Telesat Corp: A Deep‑Cut Loss Amidst a Shrinking Market
Telesat Corp. (TSX: TSC), the Ottawa‑based satellite operator that runs a global low‑Earth‑orbit constellation, announced on 5 May 2026 that its latest quarterly earnings delivered a staggering loss of 3.04 CAD per share, a sharp reversal from the –1.08 CAD per share reported in the same quarter last year. The company’s revenue contracted by 25.43 % from 116.8 million CAD to 87.1 million CAD in the quarter ending 31 March 2026. These figures expose a company that is struggling to translate its massive network into profitable operations.
The Numbers Paint a Bleak Picture
| Item | 2025‑26 Quarter | 2024‑25 Quarter |
|---|---|---|
| Net loss per share | –3.04 CAD | –1.08 CAD |
| Revenue | 87.1 M CAD | 116.8 M CAD |
| Revenue decline | –25.43 % | — |
The company’s market capitalization remains at 2.51 billion CAD, yet its share price hovered 71.69 CAD as of 6 May 2026, far below the 52‑week high of 76.08 CAD and well above the 52‑week low of 21.11 CAD. The negative price‑earnings ratio of –6.778 underscores that investors see no immediate path to profitability.
Why the Loss? Market Dynamics and Execution Gaps
Telesat’s business model relies on a satellite network that must compete with a rapidly evolving 5G Non‑Terrestrial Network (NTN) market. According to a MarketsandMarkets forecast (2026‑2031), the 5G NTN market is expected to grow to USD 45.55 billion at a CAGR of 30.8 %. The sector is expanding quickly, but Telesat’s share of the pie appears to be shrinking. The company’s inability to secure higher‑margin contracts or to monetize its infrastructure at scale has left it vulnerable to competitive pressure from newer entrants and terrestrial solutions.
The loss is compounded by a lack of clear revenue growth drivers. While the company operates a global constellation, it has not yet announced any new strategic partnerships or commercial deals that could reverse the downward trajectory. In an industry where capital intensity is high and margins thin, any delay in securing recurring contracts can spell trouble.

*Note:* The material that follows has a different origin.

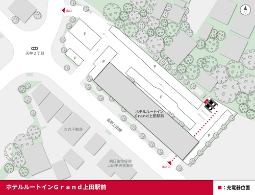 ご利用は宿泊者優先とさせていただきます。宿泊のお客様はホテルの公式サイトで詳細をご確認ください。 設置場所:国道18号(北国街道)沿いの駐車場入り口から入り、エントランス前を通過し、右側奥の建物沿いの車室にEV充電器があります。 充電器には鍵がかけられていますので、ご利用を希望される際にはフロントまでお申し付けください。 最大出力6kW

The Strategic Implications
- Capital Constraints: With a negative P/E ratio and declining revenue, Telesat may face difficulties attracting new equity or debt financing without a credible turnaround plan.
- Competitive Threats: The 5G NTN market’s projected growth could favor competitors that combine satellite capabilities with terrestrial 5G infrastructure, offering seamless connectivity across more regions.
- Regulatory and Geopolitical Factors: Operating a satellite network necessitates navigating a complex web of international regulations; any tightening of space traffic management or export controls could further strain Telesat’s operations.
Conclusion
Telesat Corp.’s latest quarterly report is a stark reminder that owning a satellite constellation does not automatically translate into profitability. The company’s heavy losses, significant revenue contraction, and weak valuation metrics indicate a critical need for strategic overhaul. Unless Telesat can secure high‑margin contracts, streamline operations, and position itself as a differentiated player in the burgeoning 5G NTN space, it risks falling behind its peers in a market that is accelerating at an alarming pace.